Put simply, an outlier is a piece of data or observation that differs drastically from a given norm.
 
In the image above, the red fish is an outlier. Clearly differing by color, but also by size, shape, and more obviously direction. As such, the analysis of detecting outliers in data fall into two categories: univariate, and multivariate
  • Univariate: considering a single variable
  • Multivariate: considering multiple variables
 
Outlier Detection in Industrial IoT
 
In Industrial IoT use cases, outlier detection can be instrumental in specific use cases such as understanding the health of your machine. Instead of looking at characteristics of a fish like above, we are looking at characteristics of a machine via data such as sensor readings.
 
The goal is to learn what normal operation looks like where outliers are abnormal activity indicative of a future problem.
 
Statistical Approach to Outlier Detection
Statistics - Normal Distribution 
Statistical/probability based approaches date back centuries. You may recall back the bell curve. The values of your dataset plot to a distribution. In simplest terms, you calculate the mean and standard deviation of that distribution. You then can plot the location of x standard deviations from the mean and anything that falls beyond that is an outlier.
 
A simple example to explore using this approach is outside air temperature. Looking at the low temperature in Boston for the month of January from 2008-2018 we find an average temperature of ~23 degrees F with a standard deviation of ~9.62 degrees. Plotting out 2 standard deviations results in the following.
 
 
 a797d2_2861843bb7ba4a82bab87eef54b09196~mv2.png
 
 
Interpreting the chart above, any temperature above the gray line or below the yellow can be considered outside the range of normal...or an outlier.
 
Why do we need AI?
If we just showed that you can determine outliers using simple statistics, then why do we need AI at all? The answer depends on the type of outlier analysis.
 
Why AI for Univariate Analysis?
In the example above, we successfully analyzed outliers in weather looking at a single variable: temperature.
 
So, why should we complicate things by introducing AI to the equation? The answer has to do with the distribution of your data. You can run univariate analysis using statistical measures, but in order for the results to be accurate, it is assumed that the distribution of your data is "normal". In other words, it needs to fit to the shape of a bell curve (like the left image below).
 
However, in the real world, and specifically in industrial use cases, the resulting sensor data is not perfectly normal (like the right image below).

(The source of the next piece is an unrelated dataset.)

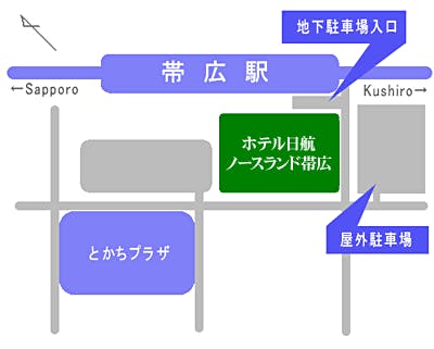 JR帯広駅隣接 徒歩1分 ■飛行機の場合 帯広空港からお車で約30分 空港直行バスがホテル前より発着しております。 ■お車をご利用の場合 札幌から約3時間(高速道路利用) 釧路から約2時間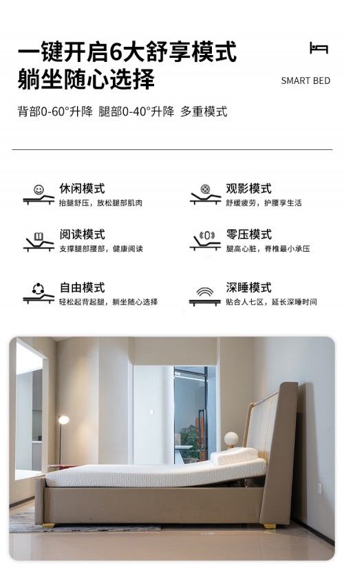 ??推出六大模式智能體驗(yàn),讓消費(fèi)者在不同場(chǎng)景享受不同貼心服務(wù): ??模式1:休閑模式:抬腿舒壓,放松腿部肌肉; ??模式2:觀影模式:舒緩疲勞,護(hù)腰享生活 ??模式3:閱讀模式:支撐腿部腰部,健康閱讀 ??模式4:零壓模式:腿高心臟,減小脊椎承壓 ??模式5:深睡模式:貼合人七區(qū),延長(zhǎng)深睡時(shí)間 ??模式6:自由模式:輕松起背起腿,躺坐隨心選擇

 6 ways to test for a Normal Distribution — which one to use? | by Joos  Korstanje | Towards Data Science
As a result, statistical analysis on a non-normal dataset would result in more false positives and false negatives.
 
The Need for AI
AI-based methods on the other hand, do not require a normal distribution and finds patterns in the data that result in much higher accuracy. In the case of the weather in Boston, getting the forecast slightly wrong does not have a huge impact. However, in industries such as rail, oil and gas, and industrial equipment, trust in the accuracy of your results has a long lasting impact. An impact that can only be achieved by AI.
 
Why AI for Multivariate Analysis?
The case for AI in a multivariate analysis is a bit more straight forward. Effectively, when we are looking at a single variable we can easily plot the results on a plane such as the temperature chart or the normal and non-normal distribution charts above.
 
However, if we are analyzing multiple points, such as the current, voltage and wattage of a motor, or vibration over 3 axis, or the return temp and discharge temp of an HVAC system, plotting and analyzing with statistics has its limitations. Just visualizing the plot becomes impossible for a human as we go from a single plane to hyperplanes as shown below.
 
MSRI | Hyperplane arrangements and application
 
The Need for AI
For multivariate analysis, visual inspection starts to go beyond human capabilities while technical analysis goes beyond statistical capabilities. Instead, AI can be utilized to find patterns in the underlying data in order to learn normal operation and adequately monitor for outliers. In other words, for multivariate analysis AI starts to make the impossible possible.
 
Summary
Statistics and probability has been around far longer than anyone reading this post. However, not all data is created equal and in the world of industrial IoT, statistical techniques have crucial limitations.
 
AI-based techniques go beyond these limitations helping to reduce false positives/negatives and often times making robust analysis possible for the first time.
 
At Elipsa, we build simple, fast and flexible AI for IoT. Get free access to our Community Edition to start integrating machine learning into your applications.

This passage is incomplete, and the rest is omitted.